Руины Баракковской батареи. 1855–1856 годы. Фотография Джеймса Робертсона{7}
Был ли оригинален Толстой, смешивая в «Севастопольских рассказах» художественное с документальным?
Не был. Да, среди толстовских опытов такого рода еще до «Севастополя в декабре» — и уже напечатанный «Набег», и незавершенный радикальный эксперимент «История одного дня», в котором была предпринята попытка в мельчайших подробностях изобразить события и ощущения вот именно что одного конкретного дня. Но сочинения, балансирующие между «фикшен» и «нон-фикшен», — общее место для словесности середины XIX столетия.

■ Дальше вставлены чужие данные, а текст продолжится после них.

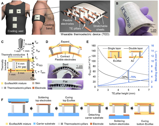 温度调节对能源消耗、人体舒适度和健康有着重要的影响。然而,一个多世纪以来,冷却技术基本上没有改变,而且仍然依赖于整个空间的冷却,而不管居住者的数量。热电装置的个性化热调节可以显著降低制冷量,满足个人的冷却需求,但由于缺少具有可持续的高冷却性能的柔性热调节装置,目前还没有实现。美国加利福尼亚大学圣地亚哥分校的陈仁坤、徐升等研究者展示了一种可穿戴的电子器件(TED),它可以提供超过10°C的冷却效果,并具有很高的性能系数(COP > 1.5)。由于在双层弹性体之间加入刚性无机高热电优值(ZT)的热电(TE)柱,以及空气绝缘绝热层的新颖设计,该TED是第一个实现长期高柔性主动冷却的产品。此外,TED没有使用散热器的情况下,可以达到了10℃以上的大降温效果,为人体热舒适提供了充足的温度调节。将TEDs集成到一件可穿戴的服装中,展示了对人体皮肤的长期、节能的降温和加热效果:当环境温度在22℃到36℃之间变化,衣服可保持皮肤在32℃的舒适温度。与传统的集中空间冷却方式相比,TED和自动化的冷却能力为个性化冷却提供了巨大的节能潜力。基于这些设备的温度调节可以实现从集中式制冷向个性化制冷的转变,从而大大降低能源消耗,提高人体舒适度。这项工作中开发的基于TED的可穿戴服装可能会革新用于建筑物和车辆气候控制的冷却技术。相关研究以“Wearable thermoelectrics for personalized thermoregulation”为题目发表在Science Advances上。

«Записки охотника» (1847–1851) Тургенева, например, сначала печатались в том же «Современнике» в разделе «Смеси» как документальные наброски, а потом переехали в основной раздел художественной литературы. «Фрегат “Паллада”» (1852–1855) Гончарова, будучи формально отчетом о путешествии, заслуженно имеет статус чуда русской прозы. В автобиографическую трилогию (1846–1856) Сергея Аксакова входят как «Семейная хроника», в которой Аксаковы выведены под фамилией Багровы, так и «Воспоминания», в которых те же самые герои выведены под настоящей фамилией.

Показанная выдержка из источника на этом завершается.